Entre fevereiro e agosto de 2011, Torres e Cachoeira trocaram nada menos que 298 telefonemas, segundo interceptações telefônicas feitas pela Polícia Federal, com autorização da Justiça. No inquérito aberto pelo Ministério Público Federal, é possível observar que a dupla conversou, no período, mais de uma vez por dia, inclusive nos fins de semana, mas ainda não foi revelado o exato teor de tanta prosa. Por ser senador, Torres tem direito a foro privilegiado, e a investigação será encaminhada à Procuradoria-Geral da República. Caberá ao procurador-geral da República, Roberto Gurgel, denunciar ou não o parlamentar do DEM por associação com o notório criminoso goiano.

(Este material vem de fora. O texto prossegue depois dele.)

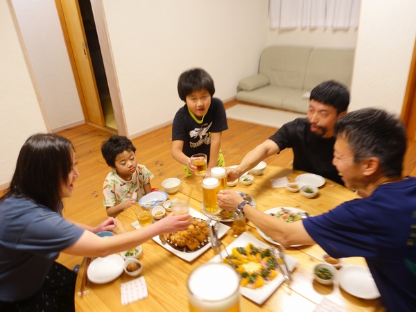 ではでは料理が完成出来ましたよの声に集まったり またこのタイミングか~!ってトイレにダッシュのナオトくんだし明日はもうちょい早めにねって。なので泡消えちゃうよってヒデ爺だし、ナオトくんが座った瞬間 カンパイ!って声掛け・・・
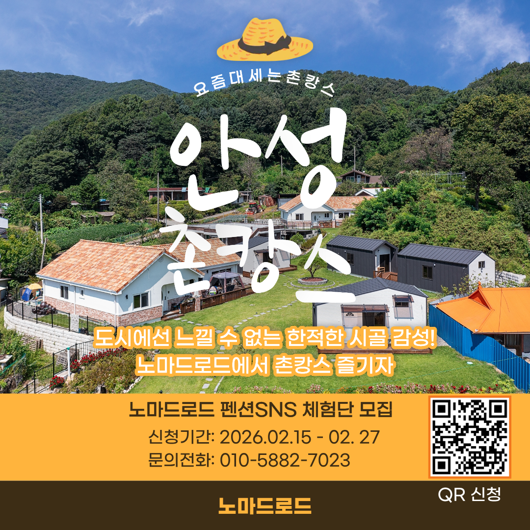 이에, 힐링을 원하는 대한민국 국민을 대상으로 노마드로드 펜션 SNS 체험단을 모집합니다.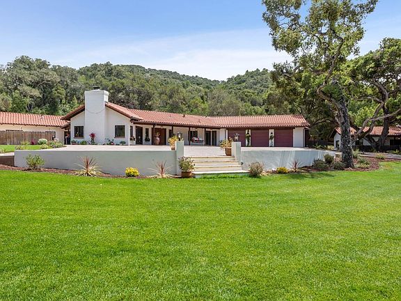 Coming through the gates by the large majestic oaks and meadows you arrive at the end of a private road to 2 Sleepy Hollow. Entering the single level residence you will feel the large and open connected spaces. The renovated chefs kitchen features a walk-in pantry and prep area. The formal living room & dining area boasts a large Carmel stone fireplace and is adjacent to the family room. Throughout, patio doors open to the outdoor living spaces surrounding the home. The residences primary suite has a spa-like bath with two large walk-in closets. Next to the 3-car garage is the separate 800 sq ft one-bedroom apartment with living room that can be a great office or game room. Additionally, there is a well-appointed, detached, 600 sq ft one-bedroom guest house with Carmel stone fireplace. Settle into the evening at the outdoor fireplace, watch the sun set behind the mountains, curl up & gaze at the stars in the sky. Unbelievable this sanctuary is only 25 minutes from Carmel by the Sea.

Os sinais da amizade foram detectados não só pelo número de ligações entre o senador e o contraventor, mas pela singular generosidade de Carlinhos Cachoeira com o amigo parlamentar. Torres ganhou do amigo uma cozinha completa, com fogão e geladeira, no valor de 27 mil dólares (46,7 mil reais). O regalo foi importado dos Estados Unidos, não se sabe ainda se pelas vias oficiais. Outro a cair nas graças do bicheiro foi Geraldo Messias (PP), prefeito de Águas Lindas de Goiás, um dos municípios mais miseráveis da região do entorno do Distrito Federal. Messias ganhou uma viagem a Las Vegas, em maio de 2011, hotel e despesas incluídos.
Foi o próprio senador, graças a um corolário de desculpas esfarrapadas, quem revestiu a história de tragicomédia. Sobre a cozinha de luxo, explicou que a mulher com quem casou em 13 de julho do ano passado é, além de advogada, boa cozinheira. Por essa razão singela Cachoeira havia prometido um “bom presente”. Como promessa é dívida e o bicheiro parece ser um homem de palavra, a cozinha foi entregue sem atrasos.

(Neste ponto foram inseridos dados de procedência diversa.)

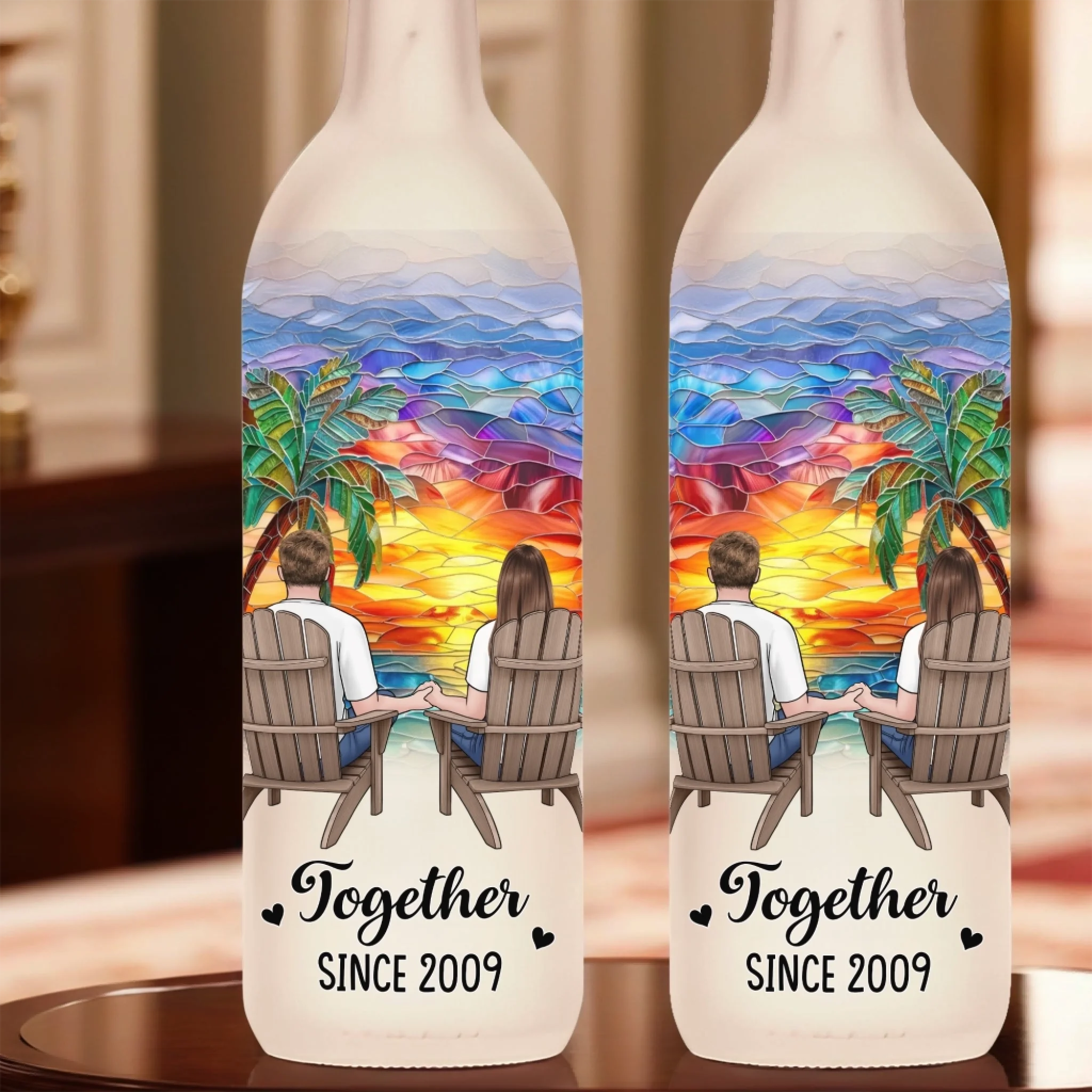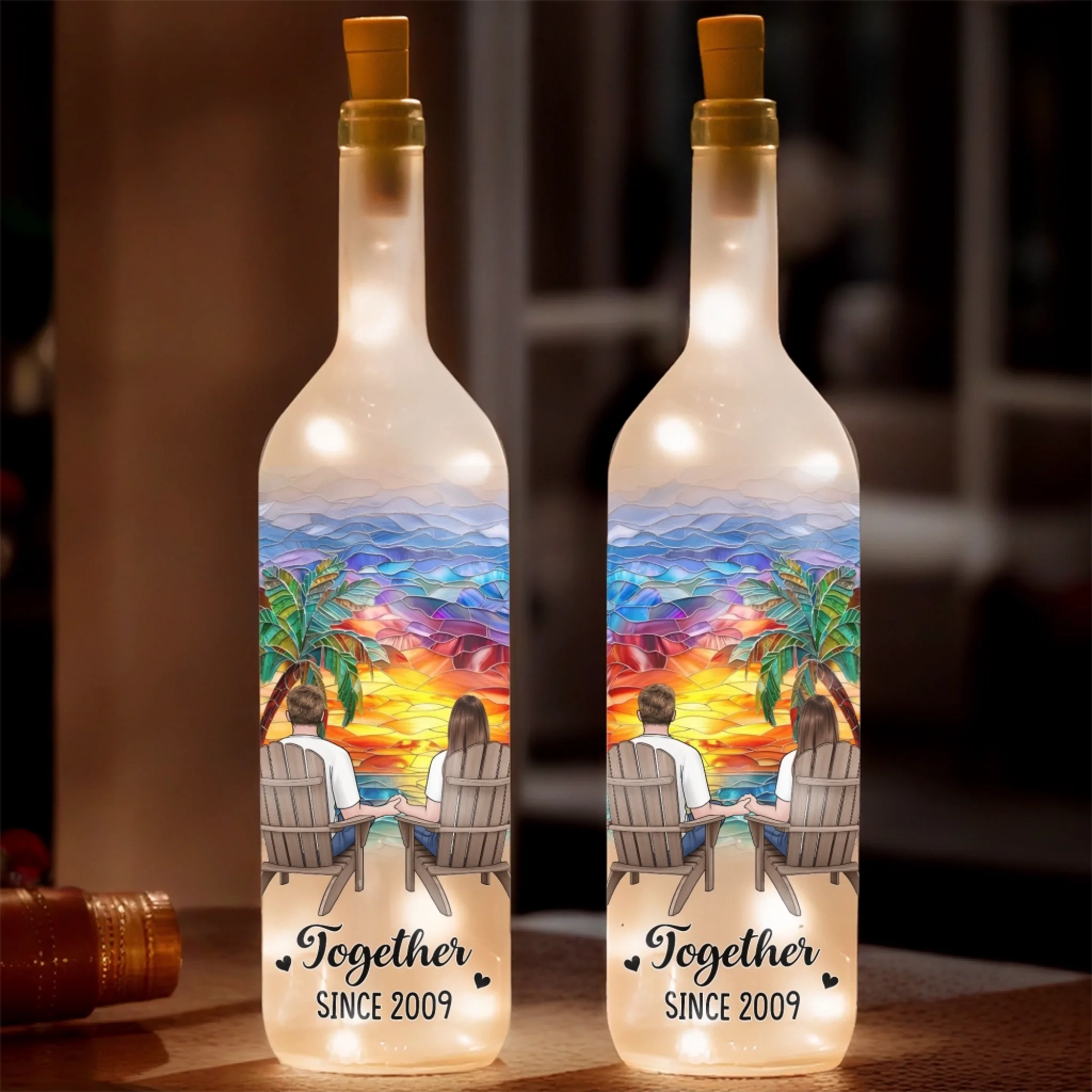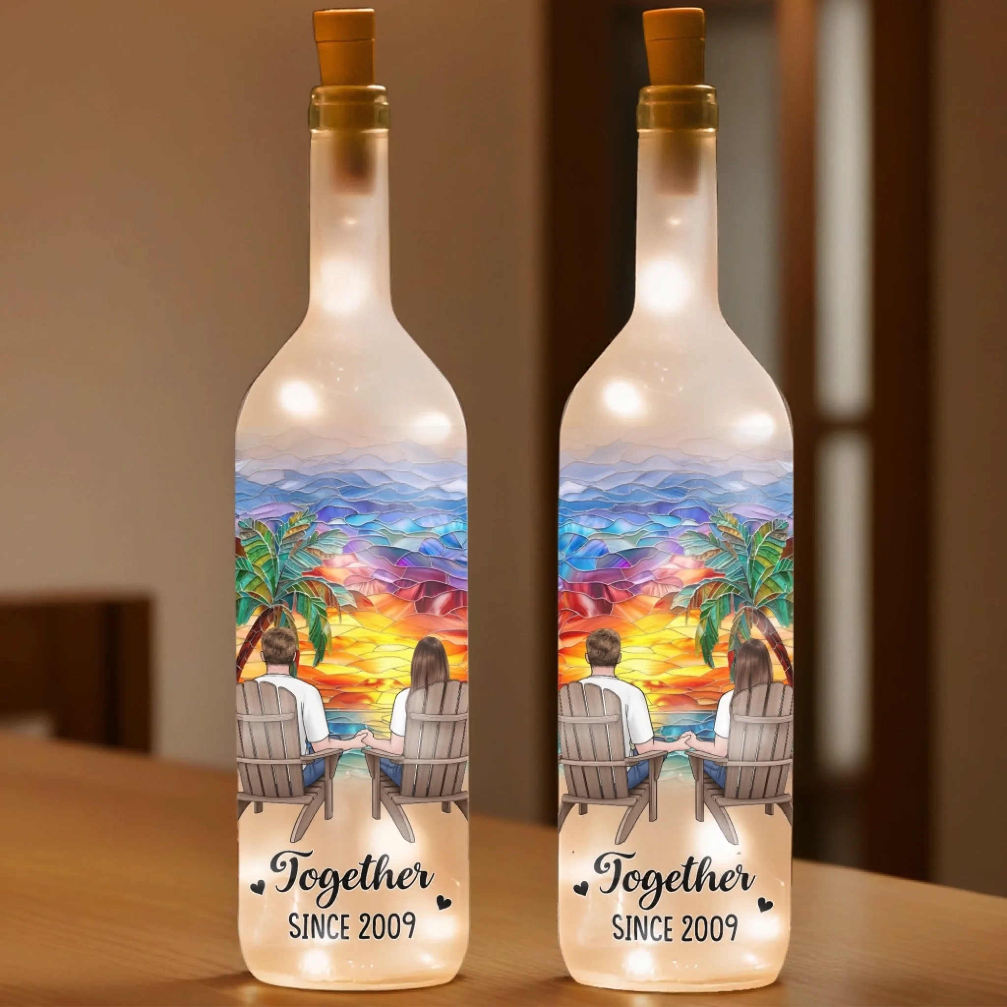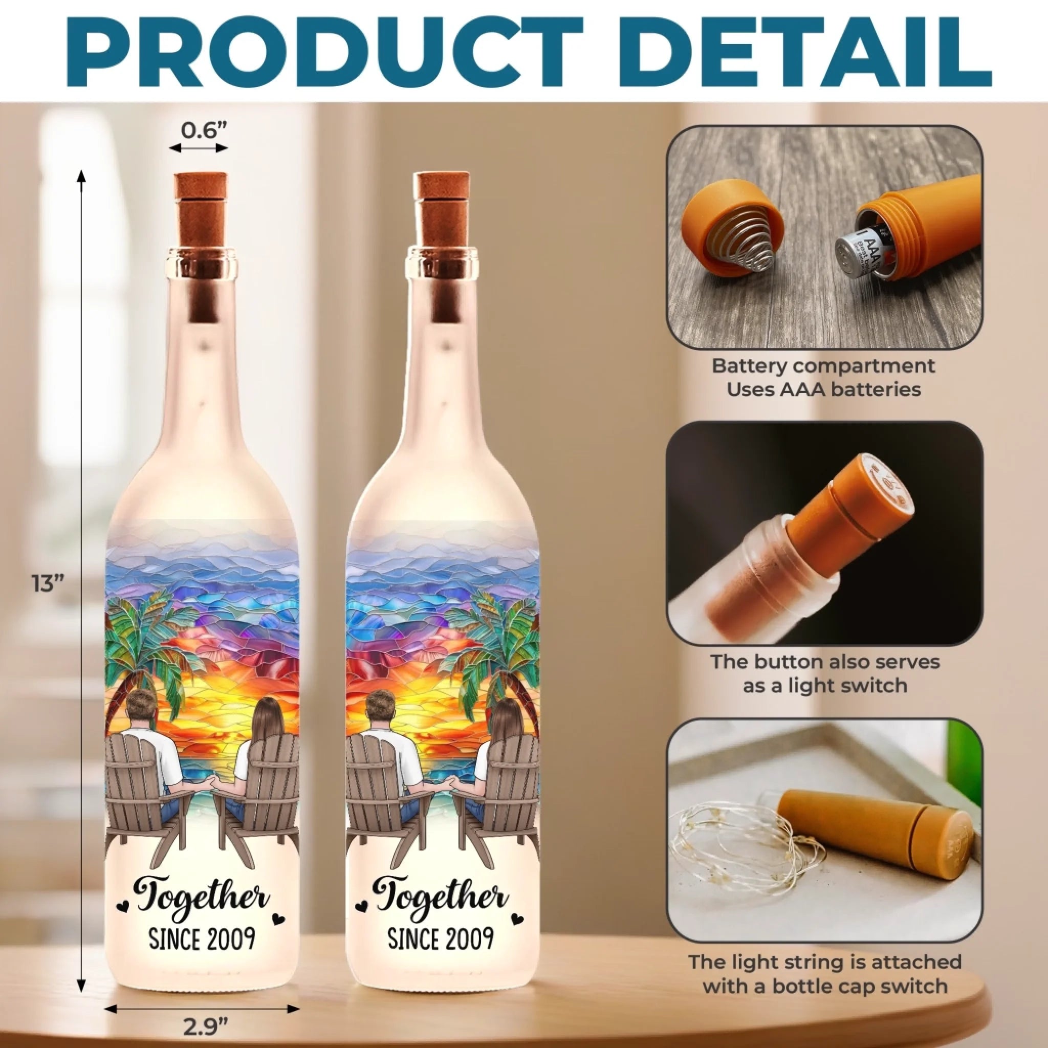 Custom Bottle Lamp - Personalized Anniversary Wedding Gifts For Husband And Wife, Him And Her - Love Shines Bright At Sunset

Mas e as outras mais de 200 conversas telefônicas? O assunto, diz Torres, também era mulher, mas não a dele. O parlamentar garante ter gastado tanto tempo para contornar uma grave crise conjugal protagonizada pelo empresário Wilder Pedro de Morais, atual secretário de Infraestrutura de Goiás e seu primeiro suplente. De acordo com Torres, a mulher de Morais, Andressa, mudou-se de mala e cuia para a casa de Carlinhos Cachoeira. Essa traição foi suficiente para acionar o gatilho de um psicodrama capaz de obrigar o senador, por longos seis meses, a atuar de conselheiro amoroso na nobre tentativa de evitar uma tragédia passional.
Aparentemente por ter sido surpreendido pela ação da Polícia Federal e do Ministério Público, o senador foi obrigado a montar o álibi que até o momento só serviu para torná-lo alvo de piadas na internet. No Twitter e no Facebook, por exemplo, criou-se a figura do “Pai Demóstenes”, um curioso cartomante que “traz a pessoa amada de volta em 298 ligações”.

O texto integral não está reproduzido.